• [Try it]: Copy every line of the following data that includes the string "lierre".

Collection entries
##########

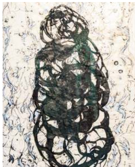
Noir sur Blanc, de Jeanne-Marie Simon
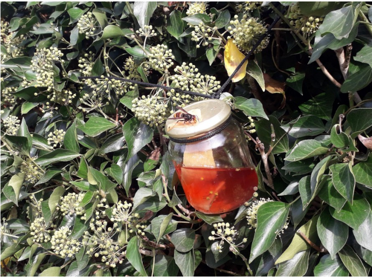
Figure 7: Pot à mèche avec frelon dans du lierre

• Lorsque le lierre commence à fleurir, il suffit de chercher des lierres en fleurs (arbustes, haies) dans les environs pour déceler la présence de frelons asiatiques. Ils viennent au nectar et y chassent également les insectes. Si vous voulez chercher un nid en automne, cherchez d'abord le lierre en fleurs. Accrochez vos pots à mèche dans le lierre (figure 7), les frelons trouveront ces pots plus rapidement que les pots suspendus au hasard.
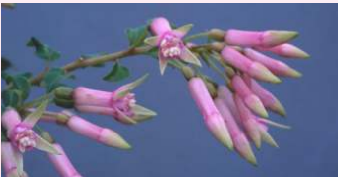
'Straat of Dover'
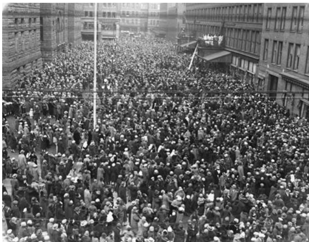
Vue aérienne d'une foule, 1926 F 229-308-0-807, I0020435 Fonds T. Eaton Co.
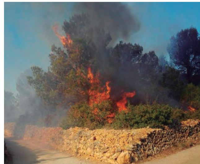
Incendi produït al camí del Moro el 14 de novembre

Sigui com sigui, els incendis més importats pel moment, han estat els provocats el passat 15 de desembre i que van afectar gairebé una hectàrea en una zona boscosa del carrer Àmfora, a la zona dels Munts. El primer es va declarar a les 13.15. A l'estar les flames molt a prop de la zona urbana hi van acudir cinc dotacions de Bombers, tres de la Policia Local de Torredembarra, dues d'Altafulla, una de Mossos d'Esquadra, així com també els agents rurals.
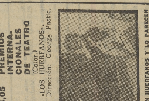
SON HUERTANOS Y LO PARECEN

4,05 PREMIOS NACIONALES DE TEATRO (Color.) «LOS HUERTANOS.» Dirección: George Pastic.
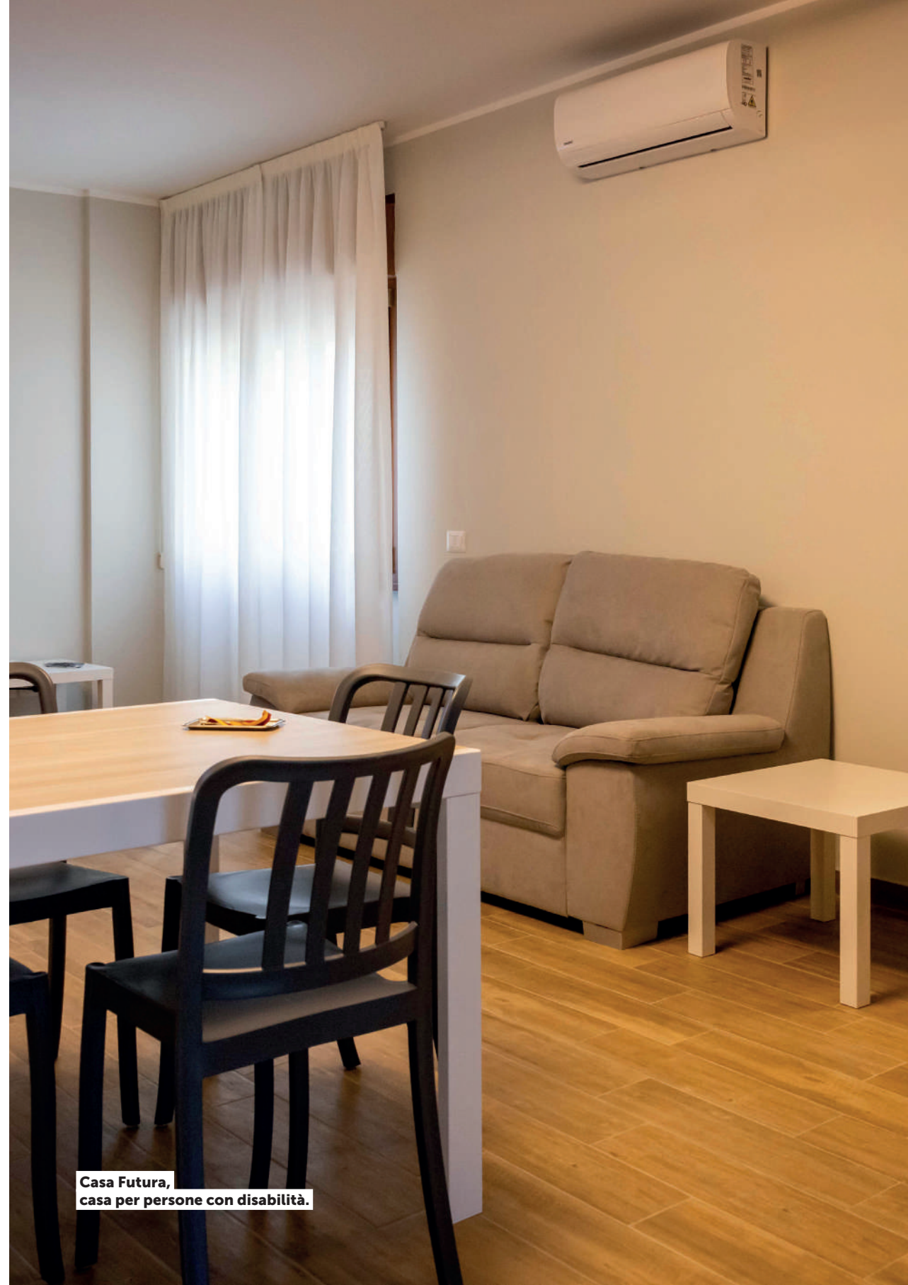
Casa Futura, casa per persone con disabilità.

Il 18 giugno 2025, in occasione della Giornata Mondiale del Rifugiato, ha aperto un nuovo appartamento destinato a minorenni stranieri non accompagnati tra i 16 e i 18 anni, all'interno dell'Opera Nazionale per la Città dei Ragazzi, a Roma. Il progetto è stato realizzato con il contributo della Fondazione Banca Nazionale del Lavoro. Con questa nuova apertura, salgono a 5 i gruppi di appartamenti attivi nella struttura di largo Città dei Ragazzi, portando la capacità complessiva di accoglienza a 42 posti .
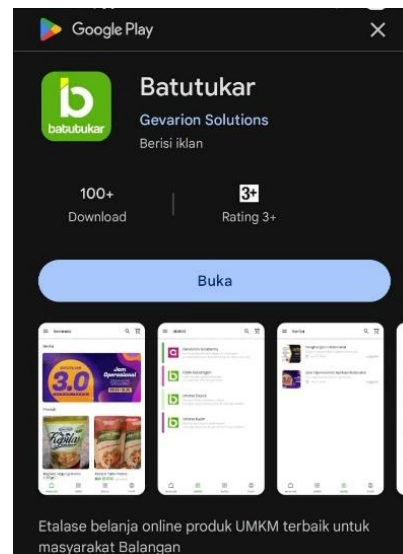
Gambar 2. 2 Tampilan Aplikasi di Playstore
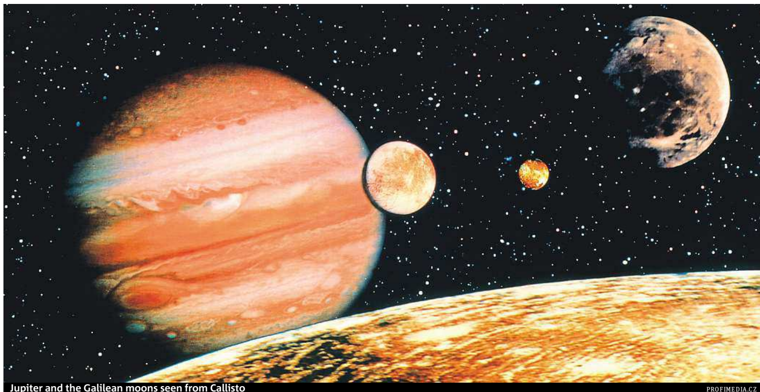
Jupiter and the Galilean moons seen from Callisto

##########

• [Your response]:
Figure 7: Pot à mèche avec frelon dans du lierre
• Lorsque le lierre commence à fleurir, il suffit de chercher des lierres en fleurs (arbustes, haies) dans les environs pour déceler la présence de frelons asiatiques. Ils viennent au nectar et y chassent également les insectes. Si vous voulez chercher un nid en automne, cherchez d'abord le lierre en fleurs. Accrochez vos pots à mèche dans le lierre (figure 7), les frelons trouveront ces pots plus rapidement que les pots suspendus au hasard.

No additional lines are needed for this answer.